Storage is proud to present the debut solo exhibition of Rafael Kamada (b. 1993, Lives and works in Brazil), on view from Friday, September 26th extended through Saturday, February 28th, 2026. Comprising a suite of recent oil paintings, the exhibition brings together works that dwell in the liminal space between figuration and abstraction, surface and memory, presence and erasure.

Kamada’s paintings offer no clear point of entry. Their strength lies not in depiction but in atmosphere, in how they evoke a remnant of landscape, a momentary bloom, or the shadow of a structure dissolving in light. Colors are a method of spatial construction rather than adornment. Through a slow and layered process of application, removal, and reapplication, Kamada builds surfaces that carry the weight of time while remaining open to disruption. Every composition emerges from what has been covered over, what glimmers through, and what refuses to disappear.

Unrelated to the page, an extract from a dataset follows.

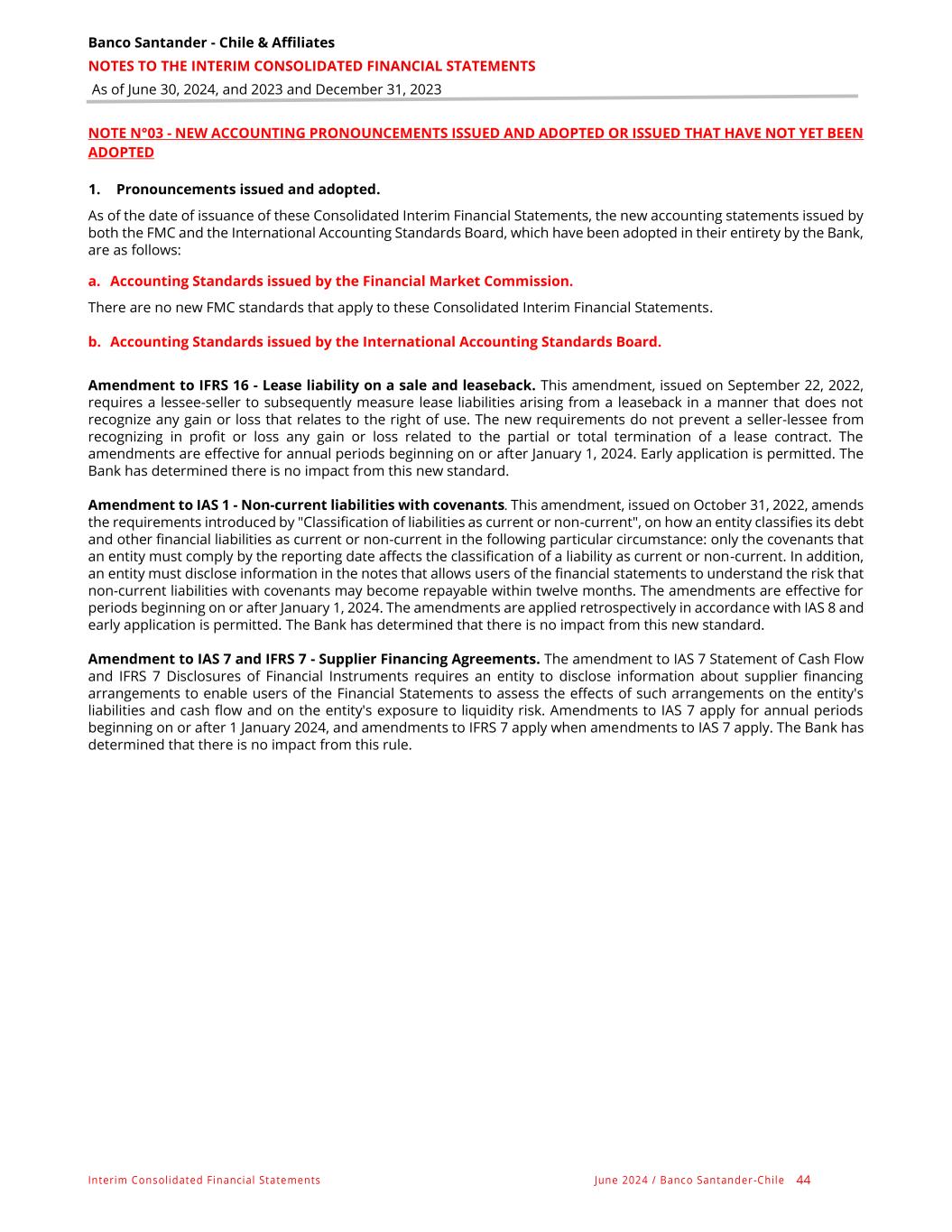 Banco Santander - Chile & Affiliates NOTES TO THE INTERIM CONSOLIDATED FINANCIAL STATEMENTS As of June 30, 2024, and 2023 and December 31, 2023 Interim Consolidated Financial Statements June 2024 / Banco Santander -Chile 44 NOTE N°03 - NEW ACCOUNTING PRONOUNCEMENTS ISSUED AND ADOPTED OR ISSUED THAT HAVE NOT YET BEEN ADOPTED 1. Pronouncements issued and adopted. As of the date of issuance of these Consolidated Interim Financial Statements, the new accounting statements issued by both the FMC and the International Accounting Standards Board, which have been adopted in their entirety by the Bank, are as follows: a. Accounting Standards issued by the Financial Market Commission. There are no new FMC standards that apply to these Consolidated Interim Financial Statements. b. Accounting Standards issued by the International Accounting Standards Board. Amendment to IFRS 16 - Lease liability on a sale and leaseback. This amendment, issued on September 22, 2022, requires a lessee-seller to subsequently measure lease liabilities arising from a leaseback in a manner that does not recognize any gain or loss that relates to the right of use. The new requirements do not prevent a seller-lessee from recognizing in profit or loss any gain or loss related to the partial or total termination of a lease contract. The amendments are effective for annual periods beginning on or after January 1, 2024. Early application is permitted. The Bank has determined there is no impact from this new standard. Amendment to IAS 1 - Non-current liabilities with covenants. This amendment, issued on October 31, 2022, amends the requirements introduced by "Classification of liabilities as current or non-current", on how an entity classifies its debt and other financial liabilities as current or non-current in the following particular circumstance: only the covenants that an entity must comply by the reporting date affects the classification of a liability as current or non-current. In addition, an entity must disclose information in the notes that allows users of the financial statements to understand the risk that non-current liabilities with covenants may become repayable within twelve months. The amendments are effective for periods beginning on or after January 1, 2024. The amendments are applied retrospectively in accordance with IAS 8 and early application is permitted. The Bank has determined that there is no impact from this new standard. Amendment to IAS 7 and IFRS 7 - Supplier Financing Agreements. The amendment to IAS 7 Statement of Cash Flow and IFRS 7 Disclosures of Financial Instruments requires an entity to disclose information about supplier financing arrangements to enable users of the Financial Statements to assess the effects of such arrangements on the entity's liabilities and cash flow and on the entity's exposure to liquidity risk. Amendments to IAS 7 apply for annual periods beginning on or after 1 January 2024, and amendments to IFRS 7 apply when amendments to IAS 7 apply. The Bank has determined that there is no impact from this rule.

As Beatriz Almeida, researcher and critic, writes: “Kamada is always painting a place—a remnant of landscape. Nature appears not as a subject, but as a motif... as if [these paintings] were attempts to reconstruct something that has already slipped away.” The result elevates the work beyond a scene to a sensation, becoming fragments of memory refracted through brushstroke and wax.

Rafael Kamada’s pictorial practice evokes traces of a natural world—suggestions of landscapes that dwell in the subtle boundary between figuration and abstraction. His process emerges from the conditions of making itself, marked by an unstable balance between control and improvisation, revealing painting as a field of simultaneous construction and erasure. Color acts as the structuring synthesis of space, while remnants of previous layers unveil a composite temporality that lingers on the verge of disappearance.

Working primarily at night and without preparatory sketches, Kamada’s approach blends instinct and inquiry. His process is informed by a quiet rigor: an ongoing mentorship with painter Paulo Pasta and a study of art history with critic Rodrigo Naves ground his intuitive practice in historical lineage. While rooted in the material language of painting itself, his influences span East and West: the spatial logic of Japanese printmakers Hokusai and Hiroshige resonates with his flattened planes, while the atmospheric touch of Monet or Diebenkorn lingers in the shifting light of his larger compositions.

Kamada borrows from the language of Neo-Concrete painting, embracing greater fluidity, sensuality, and poetic nuance. This tension is especially present in Kamada’s newest large-scale works, where horizontal washes collide with sudden vertical swipes, and thick brushstrokes fade into spectral patches of bare linen. Despite their scale, these paintings maintain a quiet intimacy; they do not demand attention so much as reward looking.